For example, by setting
outputType = 'cumulativeDistributionSummarized'
we can compute an
estimation of the conditional cumulative distribution function for each
sample. Below, we can see that our model predicts the demand of the
first sample to be lower or equal than 0.16 with a probability of 99%.
cumulativeDistributions = LSKDEx.getWeights(X = XTest,
outputType = 'cumulativeDistributionSummarized')
cumulativeDistributions[0]
(array([0.49, 0.5 , 0.71, 0.72, 0.88, 0.95, 0.99, 1. ]),
array([0. , 0.01075269, 0.04 , 0.04878049, 0.08 ,
0.12 , 0.16 , 0.2 ]))
We can also compute estimations of quantiles using the predict
method.
The parameter probs specifies the quantiles we want to predict.
predRes = LSKDEx.predict(X = XTest,
outputAsDf = True,
probs = [0.1, 0.5, 0.75, 0.99])
print(predRes.iloc[0:6, :].to_markdown())
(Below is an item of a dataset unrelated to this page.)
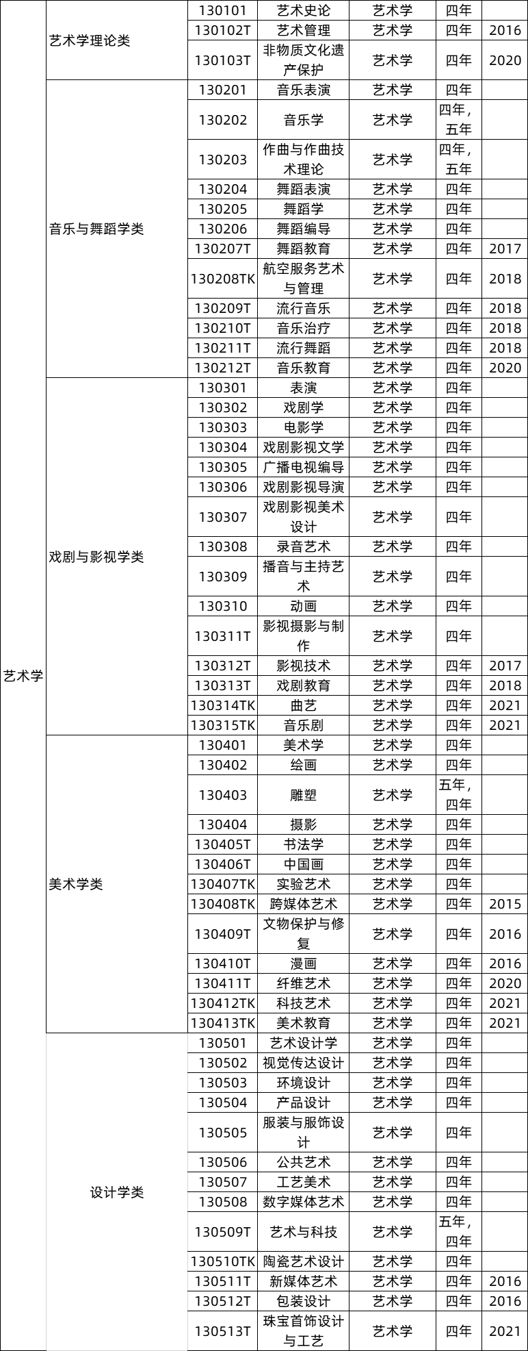 艺术学门类下有艺术学理论、音乐与舞蹈学、戏剧与影视学、美术学、设计学等几类专业。
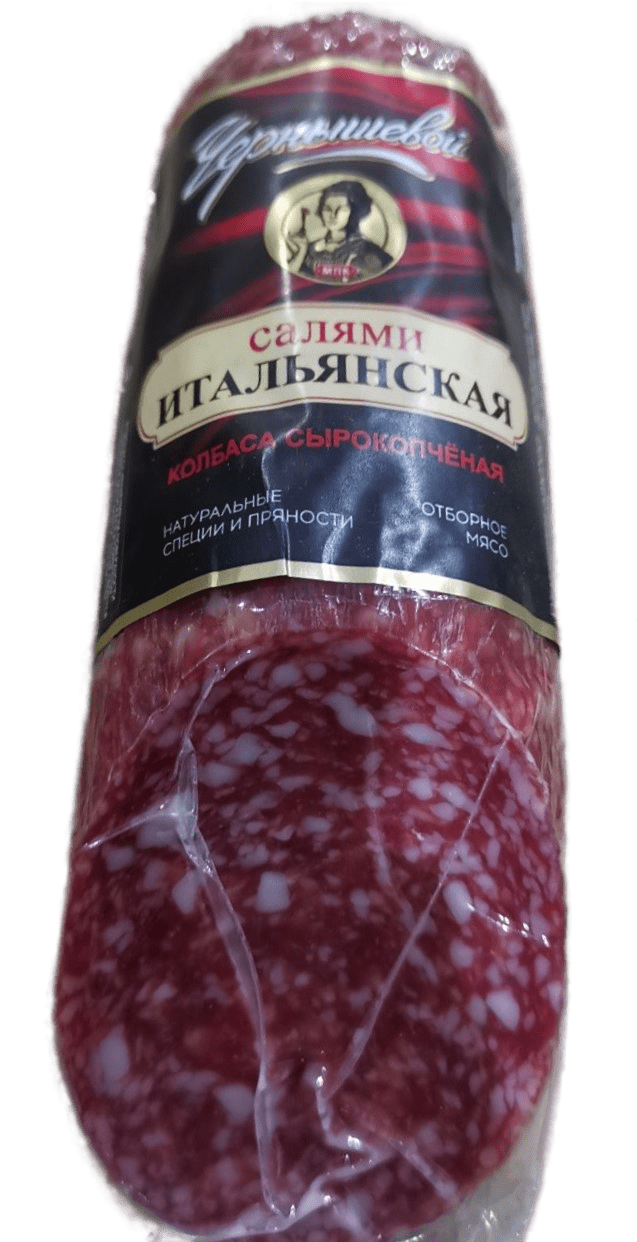 Колбаса МПК Чернышевой итальянская сырокопченая, ~340 г – высококачественный деликатес, полностью готовый к употреблению. Сочная колбаса с богатым, мясным вкусом и насыщенным ароматом. Приготовлен продукт из натурального мяса с добавлением ароматных специй. В продукте остаются все витамины и микроэлементы. Он питательный и полезный, так как усваивается полностью вашим организмом. Насыщая вас прави��ьной энергией, и полезными веществами. Колбаса плотная, но не сухая, имеет красивый, мраморный срез. Отлично нарезается на тонкие, ровные слайсы. Она займет главное место на праздничном столе в виде нарезки. Из нее получатся вкусные бутерброды с белым хлебом и свежими овощами. Аппетитные канапе с черным хлебом и маринованным огурчиком, вкусная закуска под прохладительные напитки.

| | 0.1 | 0.5 | 0.75 | 0.99 |
|---:|----------:|----------:|-------:|-------:|
| 0 | 0 | 0.0107527 | 0.08 | 0.16 |
| 1 | 0 | 0.08 | 0.12 | 0.2 |
| 2 | 0.04 | 0.0967742 | 0.12 | 0.24 |
| 3 | 0.056338 | 0.12 | 0.16 | 0.28 |
| 4 | 0.04 | 0.0967742 | 0.12 | 0.24 |
| 5 | 0.0666667 | 0.16 | 0.2 | 0.32 |
How to tune binSize parameter of LevelSetKDEx
dddex
also comes with the class
binSizeCV
that tunes the important binSize parameter via cross-validation in an
efficient manner. The class is designed in a very similar fashion to the
cross-validation classes of Scikit-Learn. As such, at first
binSizeCV
is
initialized with all the settings for the cross-validation.
- estimatorLSx: Either an object of class
LevelSetKDEx
orLevelSetKDEx_kNN
- cvFolds: An iterable yielding (train, test) splits as arrays of indices
- binSizeGrid: The candidate values of binSize to evaluate
- probs: The probabilities for which quantiles are computed and evaluated.
- refitPerProb: If True, for ever probability a fitted copy of estimatorLSx with the best binSize for the respective p-quantile is stored in the attribute bestEstimatorLSx. If False, only a single fitted copy of estimatorLSx is stored with the binSize that yielded the lowest average aggregated costs over all quantile estimations.
- n_jobs: How many cross-validation split results to compute in parallel.
After specifying the settings, fit
has to be called to compute the
results of the cross validation. The performance of every binSize
candidate value is being evaluated by computing the relative reduction
of the pinball loss in comparison to the quantile estimations generated
by SAA (Sample Average Approximation) for every quantile.
from dddex.levelSetKDEx import binSizeCV
from dddex.utils import groupedTimeSeriesSplit
dataTrain = dataYaz[dataYaz['label'] == 'train']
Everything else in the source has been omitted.